The incoming Commander-in-Chief already has a handful of issues waiting for him or her on January 20th and surely doesn’t need any more foreign policy headaches. Unfortunately, the job is “Leader of the Free World” and not “Autopilot of the Worldwide Ramones/P-Funk Block Party.”
Inevitably, things go awry. Reactions have unintended consequences. If you don’t believe in unintended consequences, imagine landing on an aircraft carrier emblazoned with a big “Mission Accomplished” banner. By the middle of your replacement’s second term, al-Qaeda in Iraq is now ISIS and the guy who starred on Celebrity Apprentice is almost in charge of deciding how to handle it.
Think about that . . .
Here are ten imminent wars the incoming Chief Executive will have to keep the U.S. out of… or prevent entirely.
1. China vs. Everyone in the Pacific
In 2013, China declared the Senkaku Islands (or Diaoyu Islands, depending on which side of the issue you’re on) to be part of its East China Sea Air Defense Identification Zone. Since then, Chinese and Japanese air and naval assets have taken many opportunities to troll each other. The Chinese people see these provocations as violations of their sovereignty and anti-Japanese demonstrations erupted in China. World War II memories die hard.

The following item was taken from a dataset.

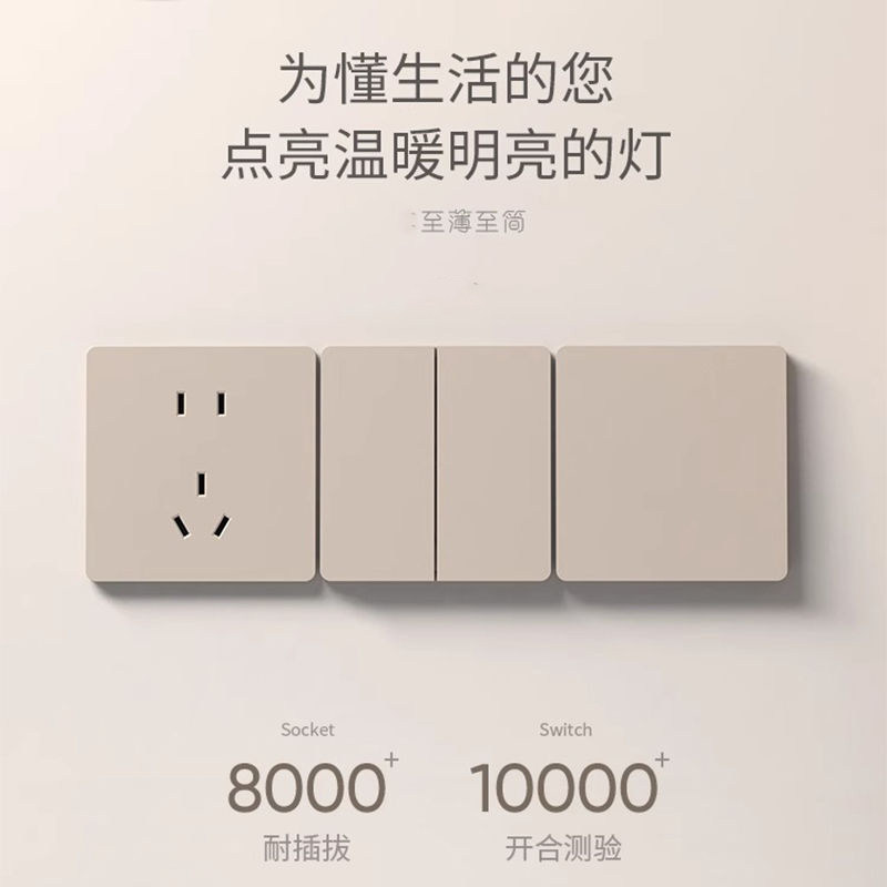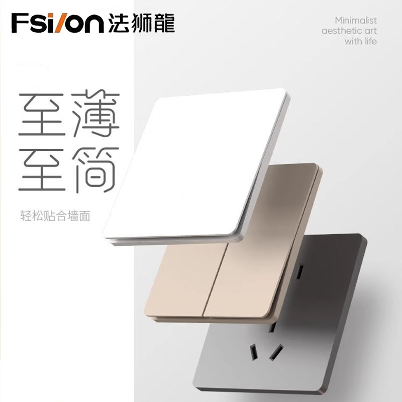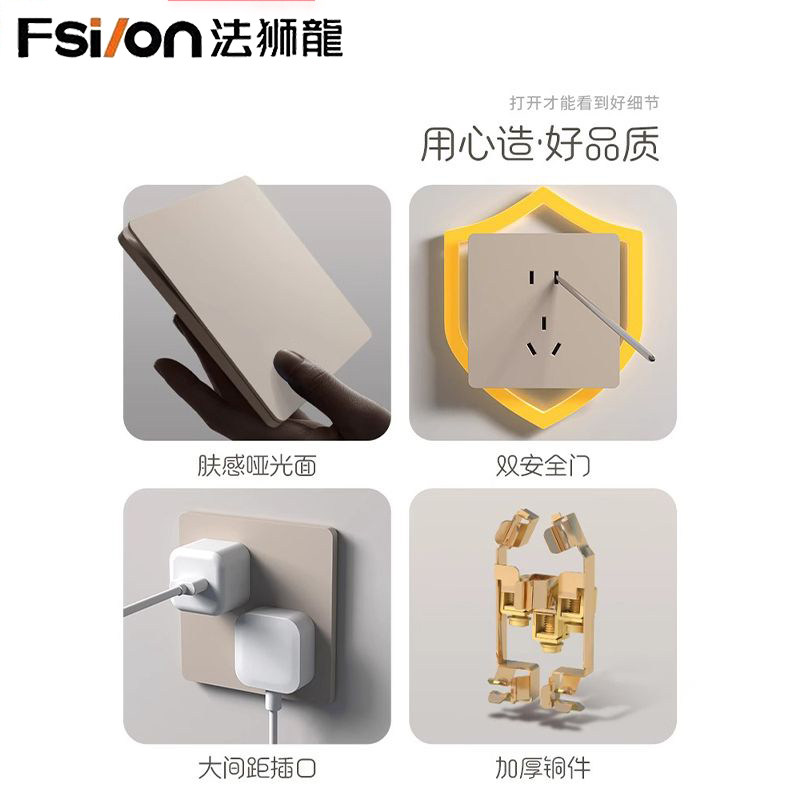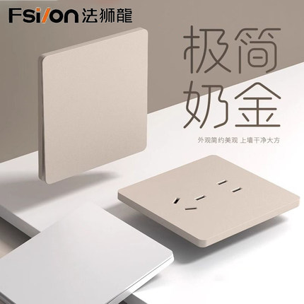 法狮龍超薄家用开关插座86暗装五孔插座金色哑光轻奢奶油风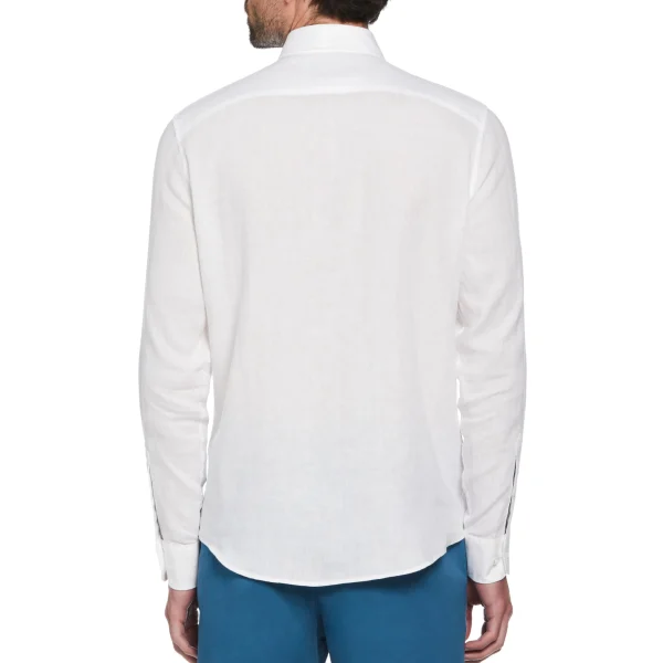 A smart everyday basic, this Original Penguin men’s long sleeve shirt is made from lightweight and breathable washed linen for impressive comfort in warmer weather. Plain weave fabrication gives the material the durability to last through season after season, while a button-down collar helps to keep your look neat and put-together. The casual design is finished with a chest pocket featuring our beloved mascot Pete the penguin in the corner, giving this timeless top his stamp of approval.

The islands themselves are just an excuse. The prominent ideology espoused by Chinese President Xi Jinping is that of the “Chinese Dream,” one that recaptures lost Chinese greatness and prestige. Japanese Prime Minister Shinzo Abe, who is a hardline nationalist, is unlikely to bow to Beijing just because of a military buildup. On the contrary, Japan’s legislature just changed the constitution to allow Japanese troops to engage in combat outside of a defensive posture for the first time since WWII.
Elsewhere, the Philippines, Brunei, Malaysia, Taiwan, and Vietnam are all vying for control of the Spratly Islands. The Spratlys are a small, seemingly unimportant set of “maritime features” in the South China Sea that would extend each country’s maritime boundary significantly. They sit on trade routes. Oh, and there are oil and natural gas reserves there. China started building artificial islands and military bases in the Spratlys, which is interesting because the U.S. now has mutual defense treaties with Japan, the Philippines, and Taiwan. So the next U.S. President will also have to be prepared for…
2. China vs. The United States
The term “peaceful rise” isn’t thrown around quite as much as it used to be. That was Chinese President Hu Jintao’s official ideology, but he left power in 2012. China under Xi Jinping is much more aggressive in its rise. Chinese hackers stole blueprints for the F-35 Joint Strike Fighter just before China’s military revealed a homegrown design, which looked a lot like the F-35. The People’s Republic also finished a Russian-designed aircraft carrier, its first ever. It now has a second, entirely Chinese one under construction.
The Chinese specially developed the DF-21D Anti-Ship missile for use against carriers and other advanced ships of the U.S. Navy. The ballistic missile looks a lot like nuclear missiles and can carry a nuclear payload. Once a Chinese anti-ship ballistic missile sinks its first U.S. carrier, there’s no going back – a downed carrier would kill 6,000 sailors. This is why China develops weapons to deny the U.S. sea superiority and deter American aggression in their backyard before a war begins.
3. Russia vs. NATO
The expansion of NATO as a bulwark against Russian hegemony in Eastern Europe is a challenge to the status quo of the last thirty years. While the end of the Cold War should have changed the way the Russians and the West interact, Russian influence is still aggressive. Russia does not take kindly to the idea of NATO’s expansion into former Eastern Bloc countries like Ukraine, which resulted in the 2014 annexation of the Crimean Peninsula.
Now the Alliance is deploying thousands of troops to Poland and the Baltic countries as a counter to Russian aggression. Threats made by Russian President Vladimir Putin are always serious. He didn’t just annex Crimea. In 2008, he invaded the former Soviet Republic of Georgia to “protect Russian-speaking minorities” in the Georgian provinces of South Ossetia and Abkhazia. Putin claims the right of Russia to protect the rights of Russian-speaking minorities abroad and uses military force to do so.